Roland saisit son visage et fit en sorte qu’Alicia le regarde dans les yeux. Leurs regards se rejoignirent dans les profondeurs. Elle comprit tout de suite ce qu’il voulait faire. Elle fit non de la tête en essayant d’écarter Roland. Celui-ci lui montra sa cheville prise au piège dans l’étreinte mortelle des poutrelles métalliques du plafond. Alicia nagea dans les eaux glacées vers la poutrelle tombée et lutta pour l’en libérer. Les deux jeunes gens échangèrent un regard désespéré. Rien ni personne ne pourrait déplacer les tonnes d’acier qui retenaient Roland. Elle revint vers lui et le serra dans ses bras, sentant que le manque d’air lui faisait perdre conscience. Sans plus attendre, Roland prit le visage d’Alicia et, posant ses lèvres sur les siennes, expulsa dans sa bouche tout l’air qu’il avait gardé pour elle, exactement comme Caïn l’avait prévu depuis le début. Alicia aspira l’air entre ses lèvres et serra avec force les mains de Roland, unie à lui par ce baiser qui la sauvait.

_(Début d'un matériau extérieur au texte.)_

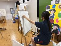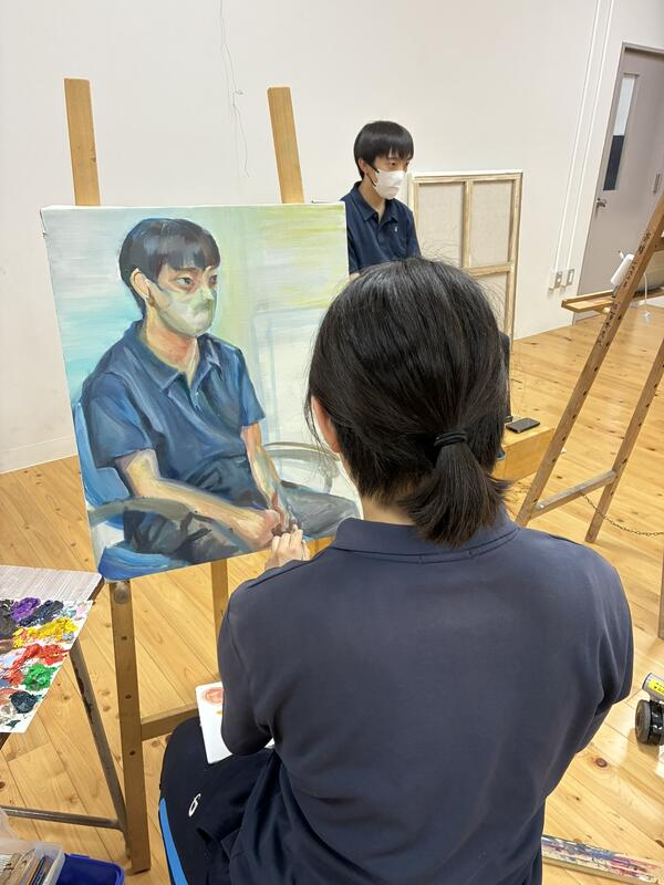 元美術部長のマツウラ サエさん。10/18土曜日に学校に来て、自画像以外の人物油彩画を初めて描きました。

Le garçon lui adressa un regard pathétique d’adieu et la poussa, contre sa volonté, hors de la passerelle, d’où, lentement, elle commença sa remontée à la surface. Ce fut la dernière fois qu’Alicia vit Roland. Quelques secondes plus tard, elle émergea au milieu de la baie. La tempête s’éloignait lentement vers la haute mer d’où elle était venue, emportant avec elle tous les espoirs qu’Alicia avait en l’avenir.


Quand Max vit le visage de sa sœur affleurer à la surface, il se jeta de nouveau à l’eau et nagea le plus vite qu’il put jusqu’à elle. Alicia parvenait à peine à flotter et balbutiait des paroles incompréhensibles en toussant violemment et en recrachant l’eau qu’elle avait avalée dans sa remontée depuis le fond. Max la soutint jusqu’à ce qu’il puisse avoir pied, à quelques mètres du rivage. Le gardien du phare attendait sur la plage et accourut à son aide. Ensemble, ils sortirent Alicia de l’eau et la couchèrent sur le sable. Victor Kray chercha son pouls sur son poignet, mais Max retira doucement la main du vieil homme.

— Elle vit, monsieur Kray, affirma-t-il en caressant le front de sa sœur. Elle vit.

Le vieil homme acquiesça et laissa Alicia aux soins de Max. En titubant comme un soldat après une longue bataille, il alla au rivage et entra dans la mer jusqu’à la ceinture.

— Où est mon Roland ? murmura-t-il en se retournant vers Max. Où est mon petit-fils ?

Max le regarda en silence, voyant l’âme du pauvre vieux et la force qui l’avait maintenu durant toutes ces années en haut du phare disparaître comme une poignée de sable qui file entre les doigts.

— Il ne reviendra pas, monsieur Kray, finit-il par répondre, les larmes aux yeux. Roland ne reviendra plus.

Le gardien du phare le dévisagea comme s’il ne pouvait comprendre ses paroles. Puis il acquiesça. Il reporta ses regards sur l’océan dans l’espoir de voir son petit-fils émerger et venir le rejoindre. Lentement, les eaux recouvrèrent leur calme et une guirlande d’étoiles s’alluma sur l’horizon. Roland ne revint jamais.